Sunday, March 18, 2018

Why there will be no Kafka EventStore in prooph

tl;dr

When even Greg Young, the author of the original EventStore implementation (http://geteventstore.com/) says that it's a bad idea to implement a Kafka EventStore, than it's a bad idea. The prooph-team will not provide a Kafka EventStore implementation.

Before we begin, let's see what requirements we need from an event-store:

- Concurrency checks
  When an event with same version is appended twice to the event-store, only the first attempt is allowed to succeed. This is very important, imagine you have multiple processes inserting event to an existing stream, let's say we have an an existing aggregate with only one event (version 1). Now two processes insert two events, so we have: event 1, event 2, event 2', event 3, event 3'. Next another process is inserting an event 4. If the consumer of the stream has to decide whether or not an event belongs to the stream, it's a hard decision now, because we could have the following possible event streams: event 1, event 2, event 3, event 4 or event 1, event 2', event 3, event 4 or event 1, event 2, event 3', event 4 or event 1, event 2', event 3', event 4. Additionally you can't rely on timing (let's say event 2 was inserted slightly before event 2'), because on a different data center the order could be the other way around. The matter complicates the further the event stream goes. And this is not a blockchain-like problem, where simply the longest chain wins, because sometimes, there will be no more additional events to an existing stream. I have to add, that this concurrency check requirement and version constraint might not be needed for all use-cases, in some applications it might be okay to just record whatever happened and versions / order don't matter at all (or not that much), but for a general purpose event-store implementation (where you don't wanna put dozens of warnings, and stuff), this will only bring problems and lot of bug-reports.

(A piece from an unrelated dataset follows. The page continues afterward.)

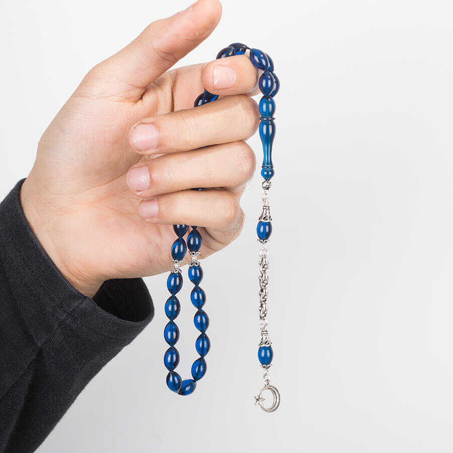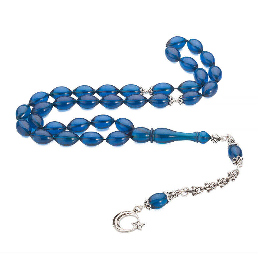 Ay Yıldız Kral Püsküllü Mavi Sıkma Kehribar Tesbih

- One stream per aggregate
  In the original event-store implementation of Greg Young (https://github.com/EventStore/EventStore), there is by default one stream per aggregate. That means that not all events related to aggregate type "User" are stored in a single stream, but that we have one stream for each aggregate, f.e. "User-<user_id_1>", "User-<user_id_2>", "User-<user_id_3>", ...
  This option is also available for prooph-event-store, limiting the usage to disallow this strategy is possibile, but not really wanted.
  To quote Greg Young: "You need stream per aggregate not type. You can do single aggregate instance for all instances but it's yucky"

- Store forever
  While at first glance obvious, the event store should persist the event forever, it's not allowed to be removed, garbage collected or deleted on server shutdown.

- Querying event offset
  Another quite obvious thing to consider at first: Given you loaded an aggregate from a snapshot, you already have it at a specific version (let's say event version is 10 f.e.). Then you only need to load events starting from 11. This is especially important, once you have thousands of events in an aggregate (imagine you would need to load all 5000 events again, instead of only the last 3, event when you have a snapshot). Even more important when one stream per aggregate is not possible.
 

Now let's look at what Kafka has to offer:

- Concurrency checks

  Well, Kafka hasn't that. It would not be such a problem with something like actor model, to quote Greg Young again:
  >> I also really like the idea of in memory models (especially when built
  >> up as actors in say erlang or akka). One of the main benefits here is
  >> that the actor infrastructure can assure you a single instance in the
  >> cluster and gets rid of things like the need for optimistic concurrency.
  >>
  >> Greg
  This this one is a really big issue.

- One stream per aggregate
  If I have thousands of aggregates and each have a topic, Kafka (and ZooKeeper specifically) will explode. These are real problems with Kafka. ZooKeeper can't handle 10M partitions right now.

- Store forever
  On Kafka events expire! Yes really, they expire! Fortunately enough, with never versions of Kafka, you can configure it to not expire messages at all (day saved!).

- Querying event offset
  Here we go, that's not possibile with Kafka! Combine that with the "One stream per aggregate" problem, and here we go full nightmare. It's simply not reasonable to read millions or even billions of events, just to replay the 5 events you're interessted in to your aggregate root.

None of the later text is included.